Had the order of the compound index been:
CREATE INDEX msgidxDestusrDel ON message (dest_user,
del_by_user, msg_read);
This would be used, and the last msg_read component would be
ignored.
Indexes are also used
for Sorting results
If you include your ORDER BY columns after your search
columns within a compound index your query will be even faster, e.g.
In the context of our social networking site, imagine we
have a table of ratings made by
users. It has the following compound index:
CREATE INDEX srcRegRatingDate ON rating (src_user, rating_value,
updated);
For the query:
SELECT * FROM rating AS rating0_ WHERE rating0_.src_user=8019
AND rating0_. rating_value=100 ORDER BY rating0_.updated DESC LIMIT 15
MySql can use the index order for the results rather than conducting
a separate sorting operation.
The damaging effect
of Range operators
Using a range
(LIKE or ‘>’ etc) operator on a column in a compound index means that any additional
criteria we have for subsequent columns cannot benefit from the index.
e.g. With reference to the above ‘rating’ example. The subtle difference of using a >= range
operator on the rating_value rather than just ‘=’ would mean MySql could not
use the ‘updated’ column of the index for the sort.
Covering Indexes
Covering indexes
are indexes that contain all the columns necessary to completely satisfy the
return requirements of the query solely using the index. In this case MySql can
provide results without reference to the data table itself. This provides a
huge speed boost.
If you name the columns to be returned by your select statement you can selectively
ensure these columns appear within your compound index.

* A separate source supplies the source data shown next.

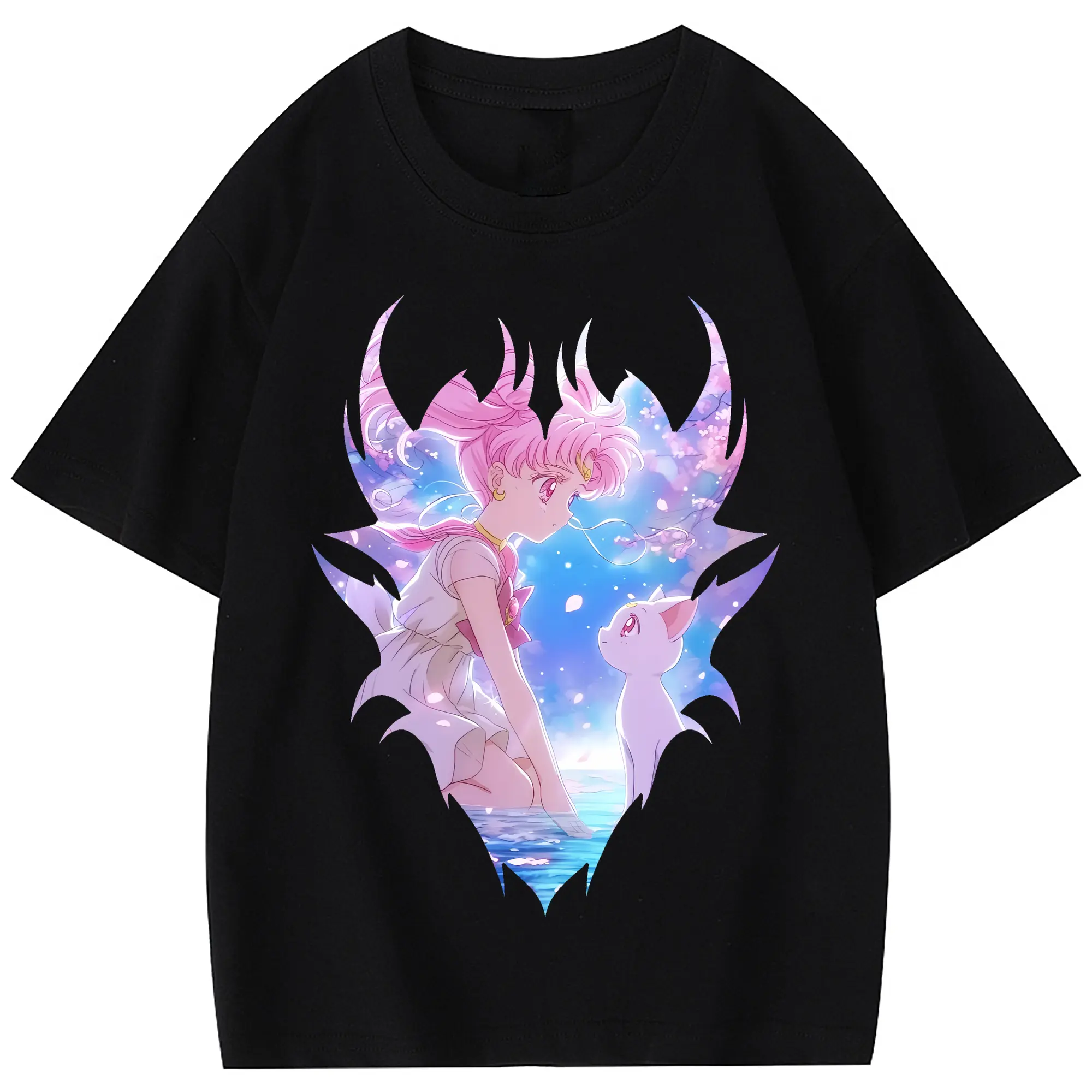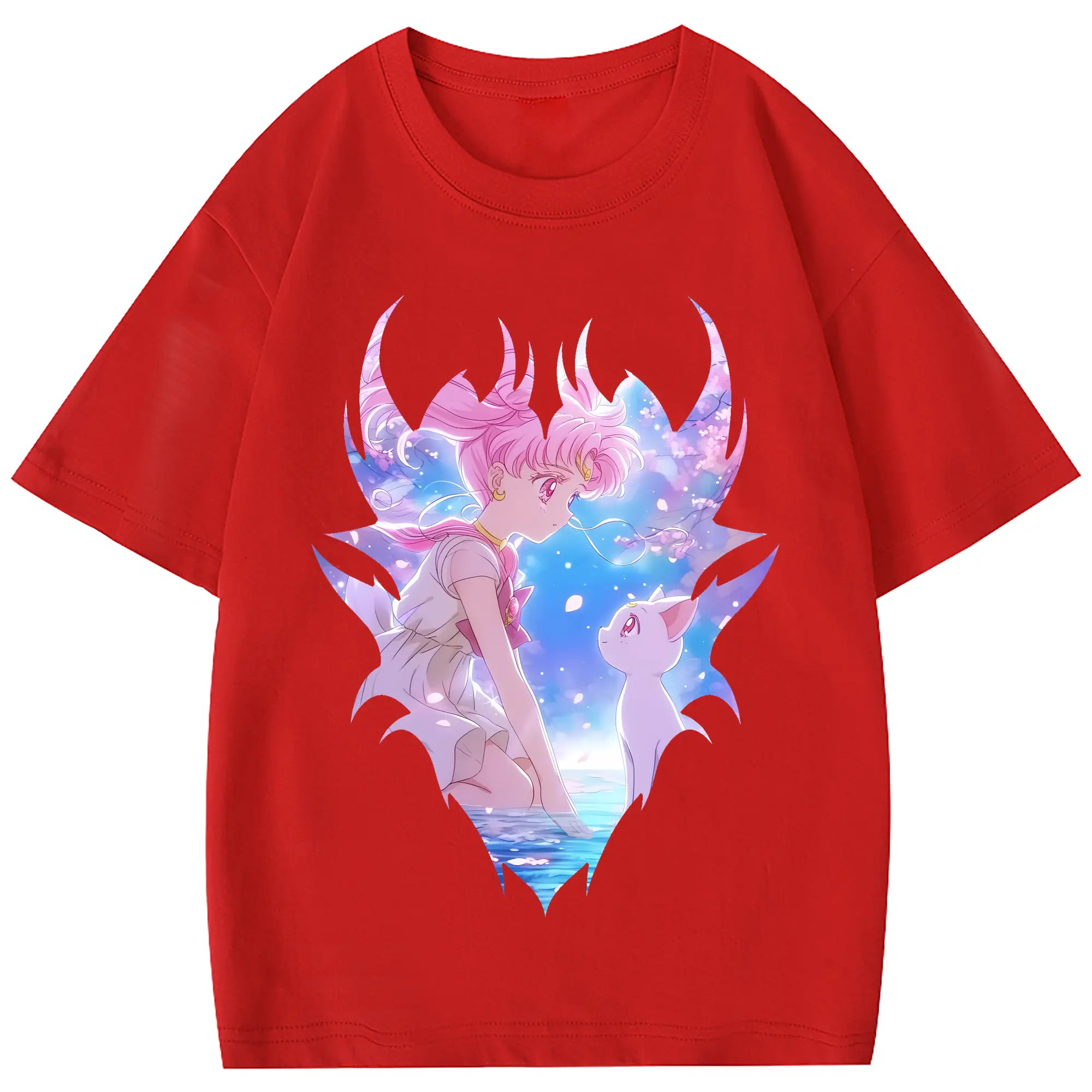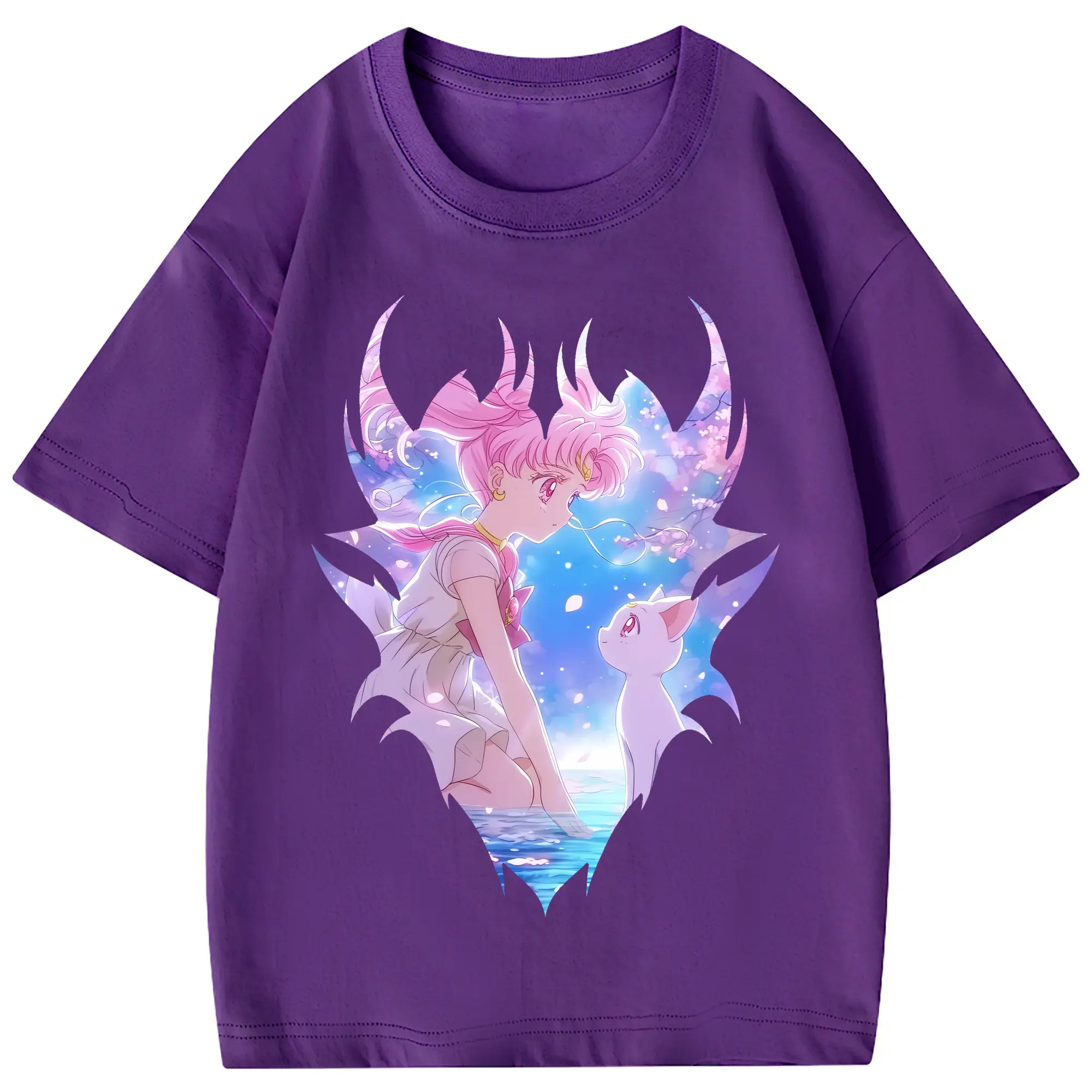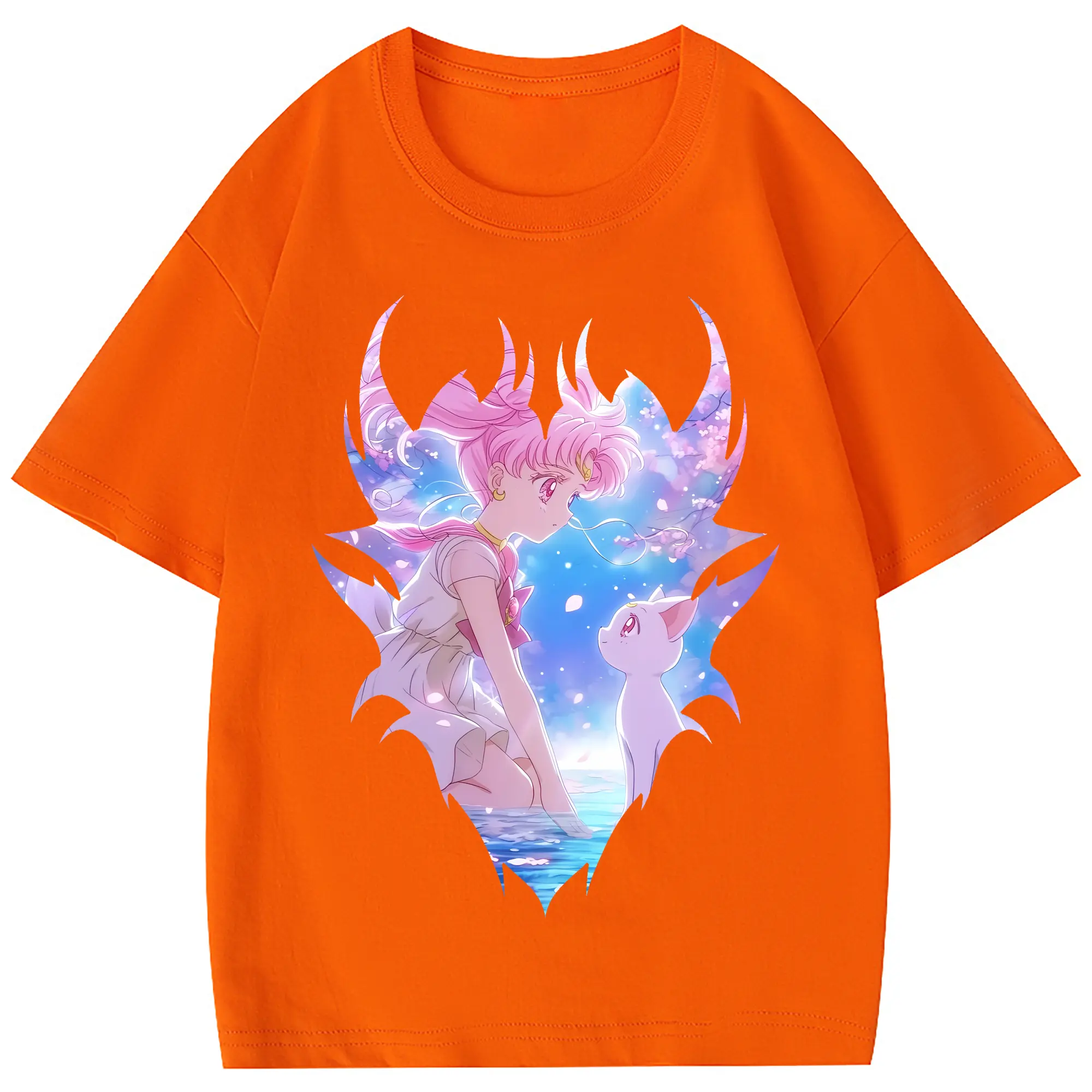 美少女戦士セーラームーン グッズ,ちびうさ - 綿100% 半袖Tシャツ ・ フロントプリント ・ 快適 通気性 ・ 日常使い 散歩 スポーツ用
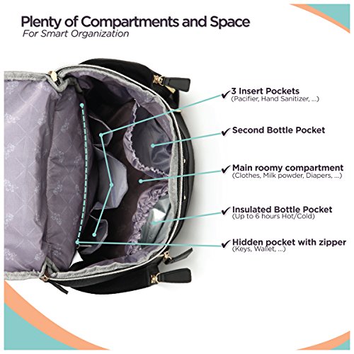 MOM AND PROUD, UNLOCK YOUR STYLE - The easiest way to add fashion to an outfit is by accessorizing it which will not be the case if you lug an ugly diaper bag all over the place. Our Incredibely clean, minimalist lines extend the sophistication of a stylish backpack embellished with elegant zippers. And because you sailed out the door with little more than lipstick, keys, and cell phone our new design offers space and a lot of inside pockets.This large diaper backpack is perfect for everyday use
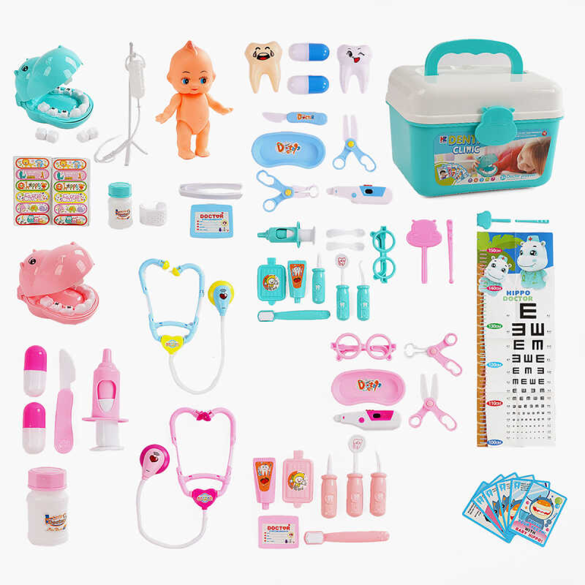 Набір лікаря HZ 811 B /HZ 611 B (36/2) 2 види, 30 елементів, звук, підсвічування, стетоскоп, щелепи із зубами, пупс, інструменти, пігулки, окуляри, у боксі
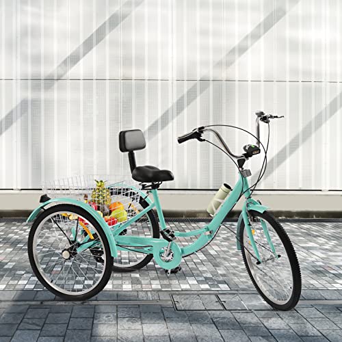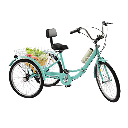 AOAPUMM vikbar trehjuling för vuxna 24 tums cykel 3-hjul 7-växlad med shoppingkorg trehjuling för vuxna, seniorer, kvinnor (ljusgrön)
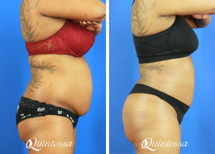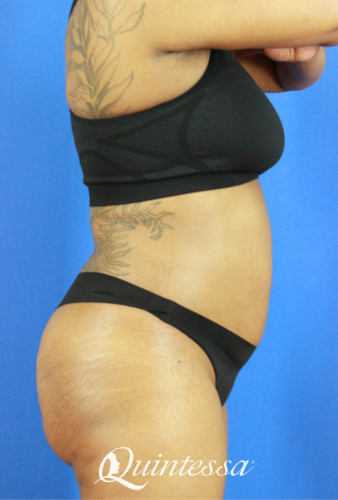 This patient is 5’2 and 145 pounds. She received circumferential (360) liposuction with fat transfer to butt (BBL).
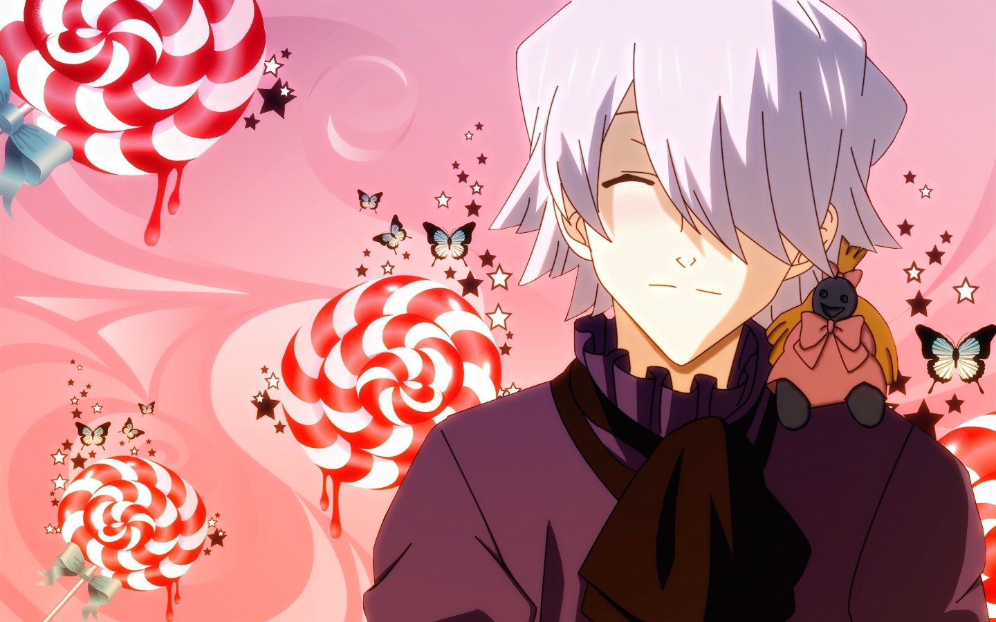 Description: A man with white hair and a purple outfit is standing in front of candy canes and lollipops.

The position of the returned columns within the compound
index is not important, the return columns merely have to be present.
If you are using an ORM such as hibernate and returning
complex objects into your application your chances of using a covering index
are more limited. This is because hibernate fetches all columns in every Select
statement in order to fully populate the return object. If speed is crucial you
may choose to take this responsibility away from hibernate and write your own
database fetch routines to maximise the opportunity of covering indexes.
Conclusion
As you can see, designing the most efficient indexes for an
application requires great insight to the queries actually being executed by
the database. You need to carefully design your indexes around your most
important queries, there is no effective catch-all situation.
The performance gains to be made by implementing effective
indexing can be enormous. A little engineering effort here is often much more
cost-effective than simply scaling-up or scaling-out database hardware.